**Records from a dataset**
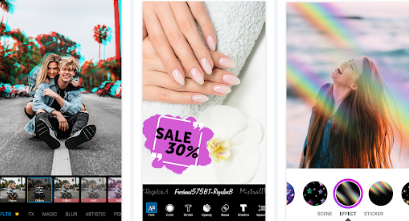 إضافة الأقنعة، وصنع الملصقات تصويرية، وإنشاء الإطارات و حواف، وإضافة الملصقات صغيرة، وكتابة أجزاء من النص، وقلب الصور. ◇ اضافة فلاتر ومؤثرات رائعه الى الصور. من بين ملايين تطبيقات التعديلات على الصور وصناعة الكولاج (دمج أكثر من صورة في صورة واحدة) يعد. تأثيرات الصور • حدّد صور السيلفي تخطيطياً باستخدام تأثيرات الرسم الأكثر إثارة.
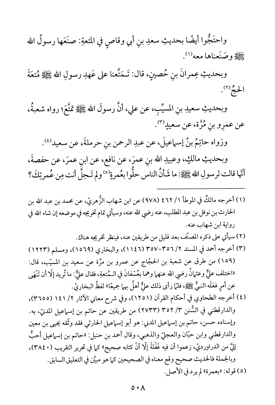 واحتَجُّوا أيضًا بحديثِ سعدِ بنِ أبي وقاصٍ في المتعةِ: صنَعَها رسولُ الله - صلى الله عليه وسلم - وصَنَعناها معه (¬١).
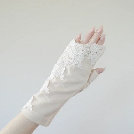 [型番:S028]大柄のレースをふんだんに使用したUVアームカバー手袋。ベーシックでナチュラルなデザイン。指先が使えるタイプなので、スマホを操作したり手作業が容易になります。ショートタイプ。滑り止め付き。
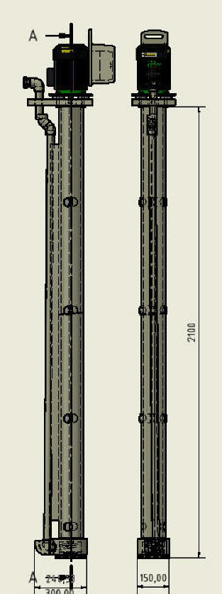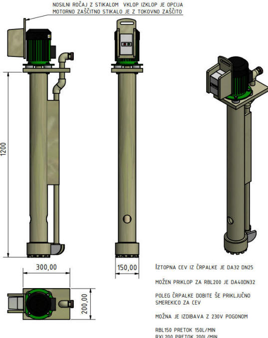 modificiran model RBL150 L1000 ZA PRETOK 2,5m3/h ( 43 L/min) z ventilom
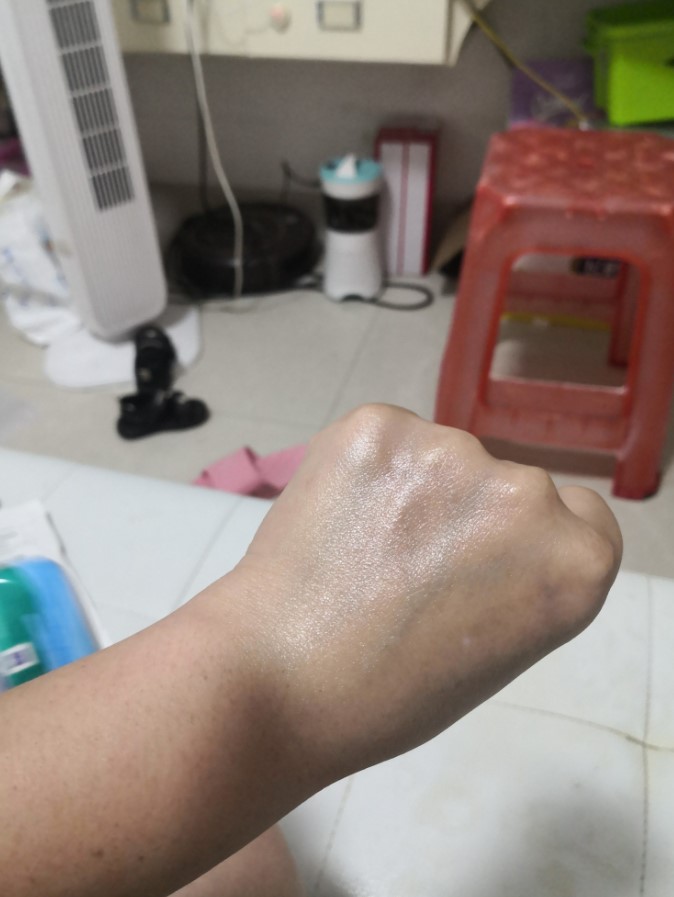 霜体浓稠适中。很容易抹开吸收快,不假白。不觉得很油,只是刚抹上去的时候有点点油,慢慢吸收后就不觉得了。防晒还可以,在外面逛了两三个小时没有变黑。
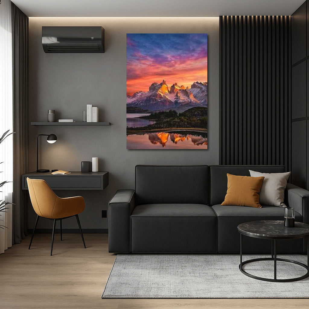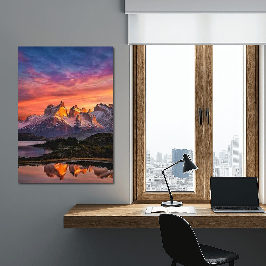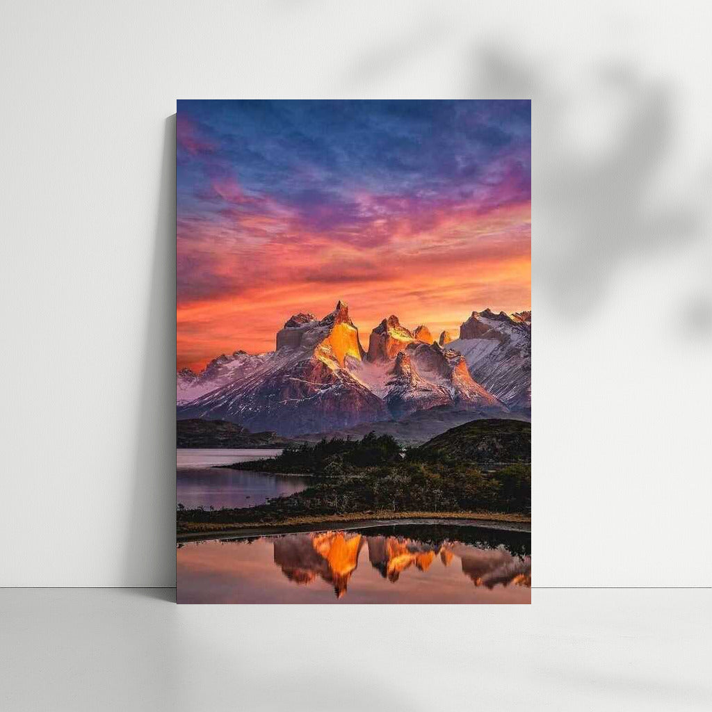 Sunset splendor of Chile: mountains and lakes in an epic dance of light. Nature's perfection for your wall art. See more from the collection: Country Art
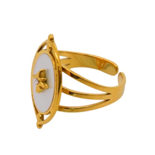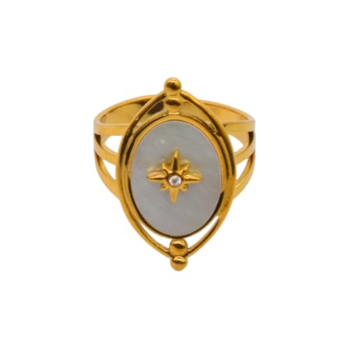 Generic - خاتم للنساء من الستانلس ستيل على شكل نجمة وعرق اللؤلؤ، مقاس واحد - ذهبي
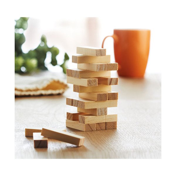 Juego de habilidad para los más manitas con 45 piezas de madera.Pedido mínimo: 50 udes.
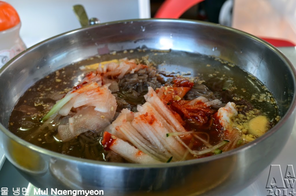 We also ordered cold noodles, 물 냉면 Mul Naengmyeon. It is served as a cold soup with the noodles contained in broth made from beef, chicken or dongchimi.
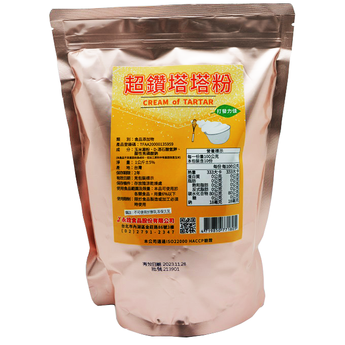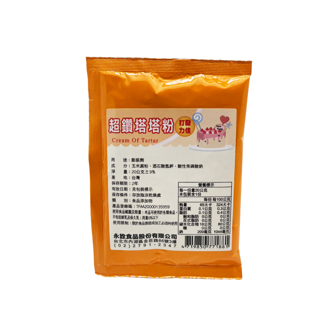 1. 在打發蛋白時加入以平衡蛋白的鹼性,使泡沫潔白穩定,體積較大。 2. 減少蛋白打發後產生的皂味。 3. 可取代因季節而酸度不穩定的檸檬汁(酸化劑),也可避免因使用白醋產生的不良風味。 4. 做糖果或翻糖時加入,可以防止蔗糖結晶。減少蔗糖殘餘澀味和使糖果質地較為柔軟。 5. 製作中式點心時如饅頭、包子可使顏色較白。
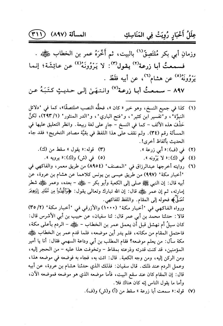(٦) روايته أخرجها عبد الرزاق في "المصنف" (٨٩٥٤) من طريق معمر، والفاكهي في "أخبار مكة" (٩٩٧) من طريق عيسى بن يونس كلاهما عَنْ هِشَامِ بْنِ عُرْوَةَ، عَنْ أبيه قال: إن النبي (ص) صلى إلى الكعبة وأبو بكر - ح - بعده، وعمر ح شطر إمارته، ثم إن عمر ح قال: إن الله تبارك وتعالى يقول: {وَاتَّخِذُوا مِنْ مَقَامِ إِبْرَاهِيمَ مُصَلّىً} فحوله إلى المقام. واللفظ للفاكهي.
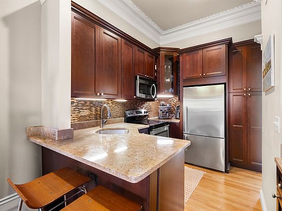 Everybody's favorite unit in a South End brownstone - the parlor-level floor thru. Only one flight from the sidewalk, this one bedroom home with a large private direct access deck & full parking space effortlessly combines classic charm with modern amenities. Featuring soaring ceilings, tall windows & original marble mantels, this home offers an open layout with a spacious front-facing living room with bow-front windows, original moldings & hardwood floors. Kitchen boasts dark cabinetry, sleek stainless steel appliances, counter seating & wine chiller. Bathroom includes glass-enclosed shower with a rain shower and custom vanity. The large full building width bedroom has two large windows, large double closet and built-ins. Additional features include in-unit laundry and central A/C. Pet-friendly and professionally managed association. The conveniences of Boston's premier neighborhoods are just moments from your door on this peaceful one way street. This is your chance at the South End.

**What you have to do**
Your task is an exact transcription of all the data, minus the pictures.

**Answer space**
 إضافة الأقنعة، وصنع الملصقات تصويرية، وإنشاء الإطارات و حواف، وإضافة الملصقات صغيرة، وكتابة أجزاء من النص، وقلب الصور. ◇ اضافة فلاتر ومؤثرات رائعه الى الصور. من بين ملايين تطبيقات التعديلات على الصور وصناعة الكولاج (دمج أكثر من صورة في صورة واحدة) يعد. تأثيرات الصور • حدّد صور السيلفي تخطيطياً باستخدام تأثيرات الرسم الأكثر إثارة.
 واحتَجُّوا أيضًا بحديثِ سعدِ بنِ أبي وقاصٍ في المتعةِ: صنَعَها رسولُ الله - صلى الله عليه وسلم - وصَنَعناها معه (¬١).
 [型番:S028]大柄のレースをふんだんに使用したUVアームカバー手袋。ベーシックでナチュラルなデザイン。指先が使えるタイプなので、スマホを操作したり手作業が容易になります。ショートタイプ。滑り止め付き。
 modificiran model RBL150 L1000 ZA PRETOK 2,5m3/h ( 43 L/min) z ventilom
 霜体浓稠适中。很容易抹开吸收快,不假白。不觉得很油,只是刚抹上去的时候有点点油,慢慢吸收后就不觉得了。防晒还可以,在外面逛了两三个小时没有变黑。
 Sunset splendor of Chile: mountains and lakes in an epic dance of light. Nature's perfection for your wall art. See more from the collection: Country Art
 Generic - خاتم للنساء من الستانلس ستيل على شكل نجمة وعرق اللؤلؤ، مقاس واحد - ذهبي
 Juego de habilidad para los más manitas con 45 piezas de madera.Pedido mínimo: 50 udes.
 We also ordered cold noodles, 물 냉면 Mul Naengmyeon. It is served as a cold soup with the noodles contained in broth made from beef, chicken or dongchimi.
 1. 在打發蛋白時加入以平衡蛋白的鹼性,使泡沫潔白穩定,體積較大。 2. 減少蛋白打發後產生的皂味。 3. 可取代因季節而酸度不穩定的檸檬汁(酸化劑),也可避免因使用白醋產生的不良風味。 4. 做糖果或翻糖時加入,可以防止蔗糖結晶。減少蔗糖殘餘澀味和使糖果質地較為柔軟。 5. 製作中式點心時如饅頭、包子可使顏色較白。
(٦) روايته أخرجها عبد الرزاق في "المصنف" (٨٩٥٤) من طريق معمر، والفاكهي في "أخبار مكة" (٩٩٧) من طريق عيسى بن يونس كلاهما عَنْ هِشَامِ بْنِ عُرْوَةَ، عَنْ أبيه قال: إن النبي (ص) صلى إلى الكعبة وأبو بكر - ح - بعده، وعمر ح شطر إمارته، ثم إن عمر ح قال: إن الله تبارك وتعالى يقول: {وَاتَّخِذُوا مِنْ مَقَامِ إِبْرَاهِيمَ مُصَلّىً} فحوله إلى المقام. واللفظ للفاكهي.
 Everybody's favorite unit in a South End brownstone - the parlor-level floor thru. Only one flight from the sidewalk, this one bedroom home with a large private direct access deck & full parking space effortlessly combines classic charm with modern amenities. Featuring soaring ceilings, tall windows & original marble mantels, this home offers an open layout with a spacious front-facing living room with bow-front windows, original moldings & hardwood floors. Kitchen boasts dark cabinetry, sleek stainless steel appliances, counter seating & wine chiller. Bathroom includes glass-enclosed shower with a rain shower and custom vanity. The large full building width bedroom has two large windows, large double closet and built-ins. Additional features include in-unit laundry and central A/C. Pet-friendly and professionally managed association. The conveniences of Boston's premier neighborhoods are just moments from your door on this peaceful one way street. This is your chance at the South End.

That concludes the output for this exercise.